The IFR flights were required to remain within the confines of the Los Angeles Group 1 terminal control area (TCA) (now Class B Airspace), while smaller planes were required to remain outside of the TCA, until the designated entry point, which was specified in their assigned VFR TCA arrival. In the case of GW 261, it was to remain outside of the TCA until the 10 DME fix of runway 24 right localizer, and to enter at an altitude of 1,500 feet MSL. The top of the TCA was 7,000 feet, while the base varied, depending on the distance from LAX. That mixed GW 261 in with all the other small plane VFR traffic in the Los Angeles Basin, which did not have transponders. Most of those were not flying to LAX, so they were not in radio communication with LAX radar controllers. The only defense was the "see and be seen" method of collision avoidance.

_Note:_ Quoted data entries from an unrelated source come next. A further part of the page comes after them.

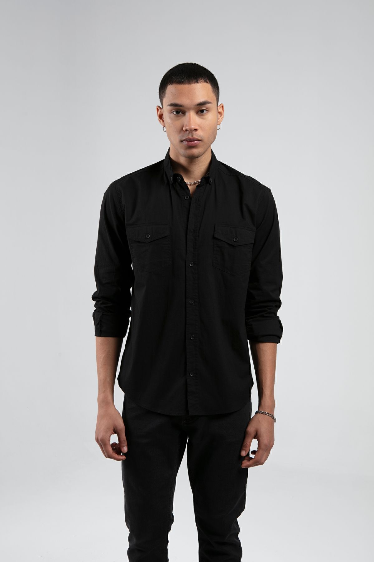 پیراهن مردانه مشکی اسلیم فیت با دو جیب | EE1008783-8783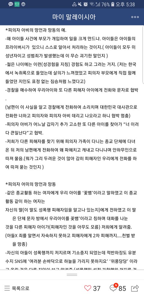 피해자는 1년 넘게 학교도 못다니고 정신과 치료를 받는데.. 피의자는 이곳에서 3만교민은 물론이고 현지인들도 거의 다 아는 거대그룹 아들이며.. 무엇보다 매일 그 회사에서 유통하는 한국물건들을 현지인,교민 할것 없이 이용할 수밖에 없는 곳이여서 그런지 너무 뻔뻔한 그들의 행동에 피해사실을 이곳까지 알리고 싶었던 큰 이유입니다.
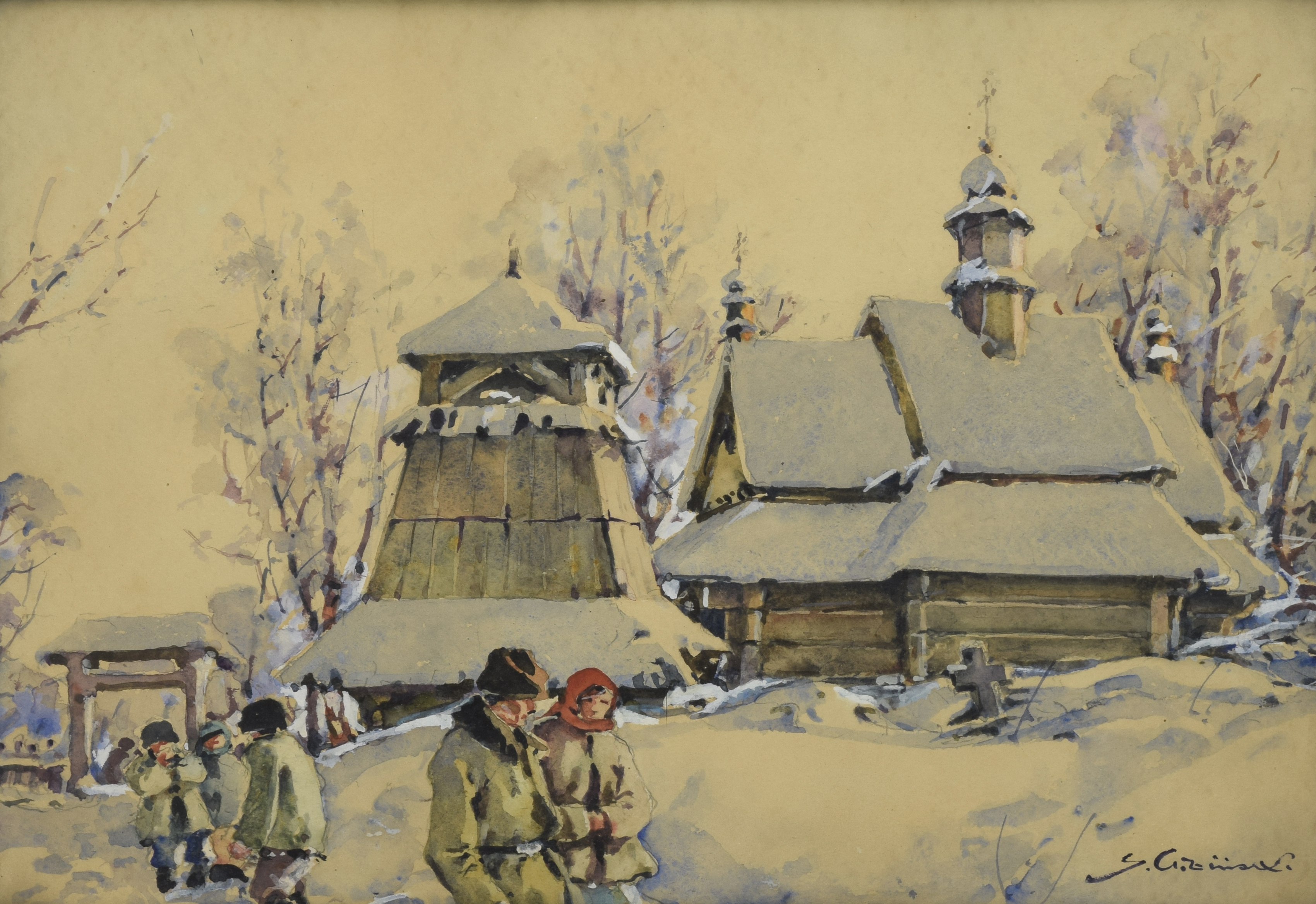 akwarela na podrysowaniu ołówkiem, karton; 33,5 x 48,5 cm (w świetle oprawy);

That deficient method of traffic separation failed to work that day, as it has failed many other times in high density traffic areas.

==Probable cause==

"The National Transportation Safety Board determines that the probable cause of the accident was the failure of both flightcrews to see the other aircraft in sufficient time to initiate evasive action.
The Board is unable to determine why each crew failed to see and avoid the other aircraft; however, the Board believes that the ability of both crews to detect the other aircraft in time to avoid a collision was reduced because of the position of the sun, the closure angle of the aircraft, and the necessity for the Twin Otter's flightcrew to acquire visual contact with radar-reported traffic directly in front of them."